Condition or disease Intervention/treatment Phase
Localized Urothelial Carcinoma of the Renal Pelvis and Ureter Recurrent Urothelial Carcinoma of the Renal Pelvis and Ureter Regional Urothelial Carcinoma of the Renal Pelvis and Ureter Drug: Methotrexate Drug: Vinblastine Drug: Doxorubicin Hydrochloride Drug: Cisplatin Drug: Gemcitabine Hydrochloride Drug: Carboplatin Procedure: Therapeutic Conventional Surgery Other: Laboratory Biomarker Analysis Phase 2

Detailed Description:

PRIMARY OBJECTIVES:

I. To evaluate the rate of complete pathologic response (pCR = pT0pN0) as assessed by standard pathologic review attained by neoadjuvant systemic chemotherapy and nephroureterectomy.

SECONDARY OBJECTIVES:

I. To evaluate the safety of neoadjuvant systemic chemotherapy in patients with upper tract urothelial carcinoma preceding nephroureterectomy.

II. To evaluate recurrence-free survival of patients treated with neoadjuvant systemic chemotherapy preceding nephroureterectomy.

III. To evaluate event-free survival of patients treated with neoadjuvant systemic chemotherapy preceding nephroureterectomy.

IV. To evaluate bladder cancer-free survival of patients treated with neoadjuvant systemic chemotherapy preceding nephroureterectomy.

V. To evaluate cancer specific survival of patients treated with neoadjuvant systemic chemotherapy preceding nephroureterectomy.

VI. To evaluate renal functional outcomes of patients treated with neoadjuvant systemic chemotherapy preceding nephroureterectomy.

TERTIARY OBJECTIVES:

I. To collect pre-treatment and post-treatment tumor tissue, peripheral blood mononuclear cell (PBMC), peripheral blood plasma, and urine specimens for potential evaluations of markers of chemotherapy response/resistance.

OUTLINE: Patients are assigned to 1 of 2 treatment arms based on baseline renal function.

ARM A (CREATININE CLEARANCE [CRCL] >= 50): Patients receive methotrexate intravenously (IV) over 2-3 minutes, vinblastine IV, doxorubicin hydrochloride IV, and cisplatin IV over 4 hours on day 1. Treatment repeats every 14 days for 4 courses in the absence of disease progression or unacceptable toxicity. Patients without metastatic disease undergo nephroureterectomy and lymph node dissection 21-60 days after completion of chemotherapy.
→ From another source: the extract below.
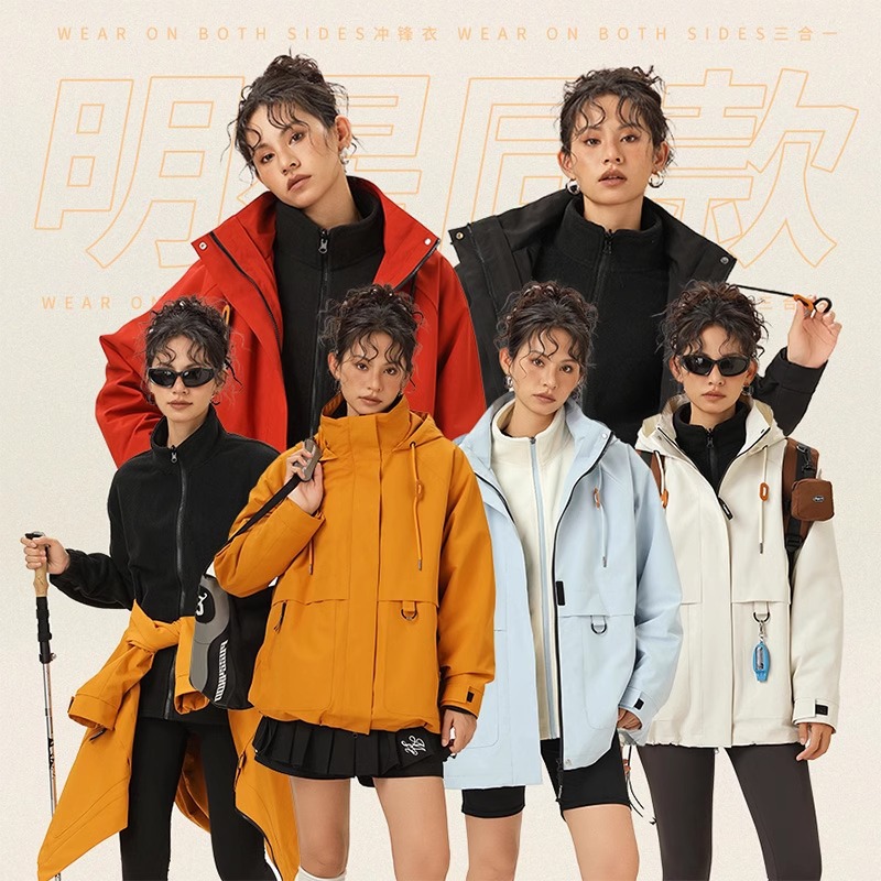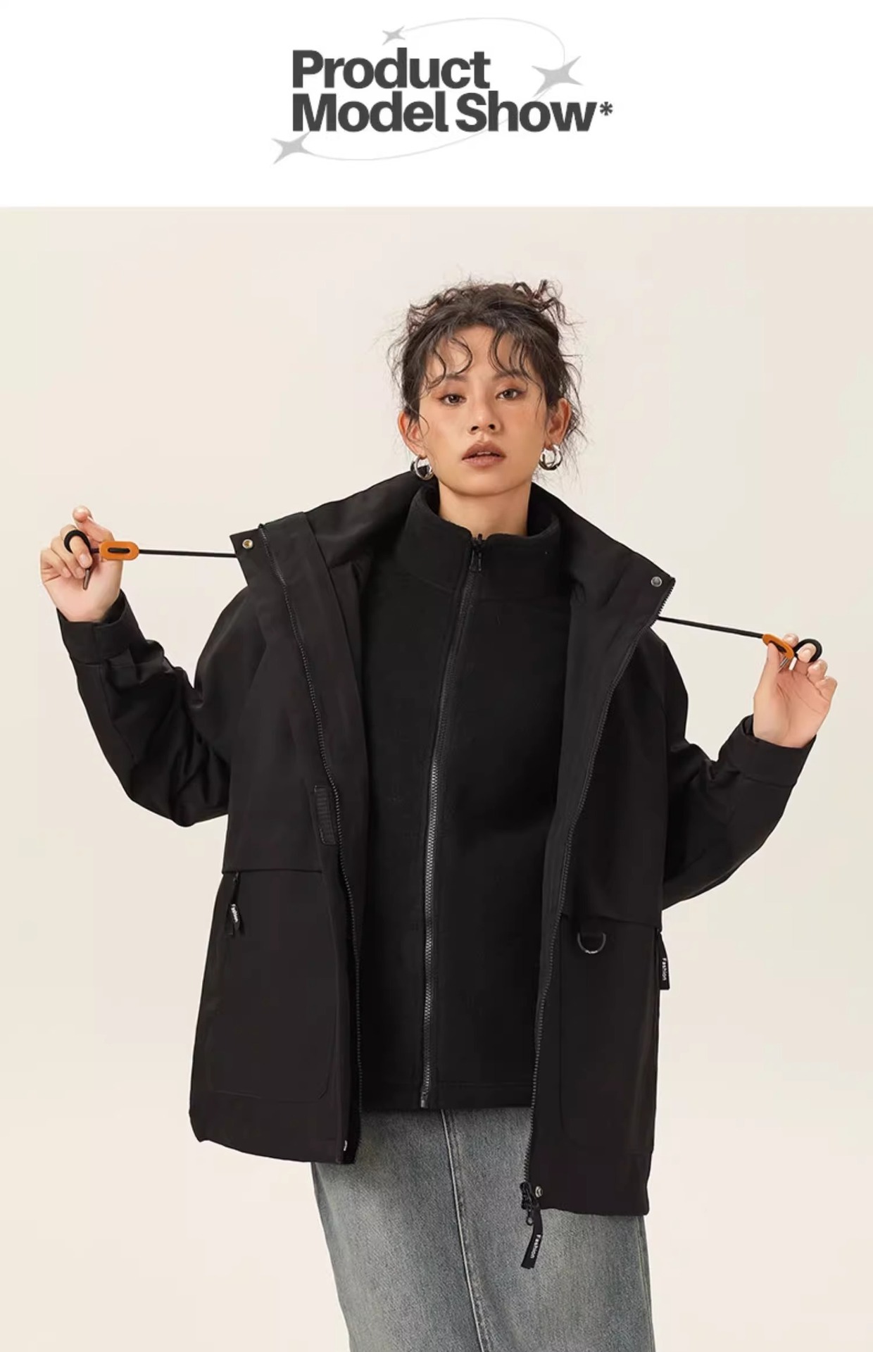 NASA Huang Yimei 동일 스타일 3 대 1 야외 충전 재킷 남성 봄, 가을 및 겨울 작업 재킷 여성 등산 옷
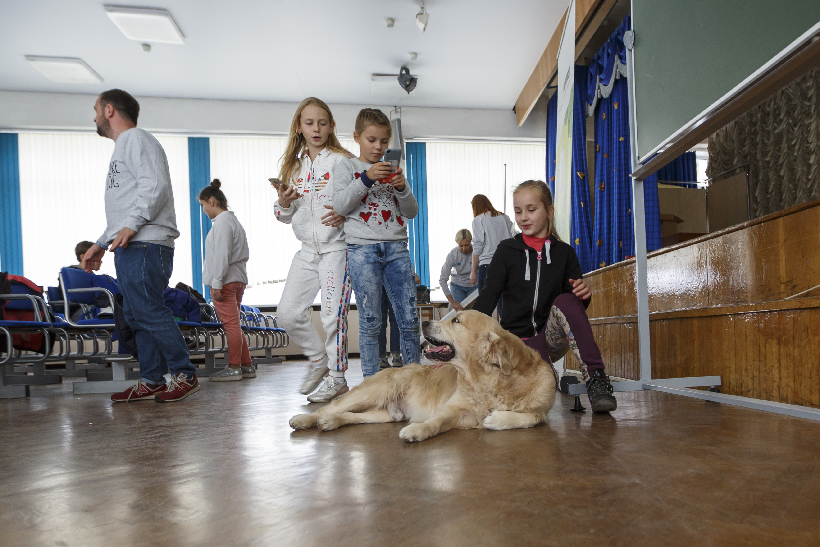 Все ученики получили полезные подарки от проекта — блокноты-раскраски, дублирующие основные тезисы лекции, яркий, стикерпак и значок со слоганом «Лучший друг собаки».

ARM B (30 =< CRCL < 50): Patients receive gemcitabine hydrochloride IV over 30-60 minutes on days 1 and 8 and carboplatin IV over 30-60 minutes on day 1. Treatment repeats every 21 days for 4 courses in the absence of disease progression or unacceptable toxicity. Patients without metastatic disease undergo nephroureterectomy and lymph node dissection 21-60 days after completion of chemotherapy.

After completion of study treatment, patients are followed up every 3 months for 2 years and then every 6 months for 3 years.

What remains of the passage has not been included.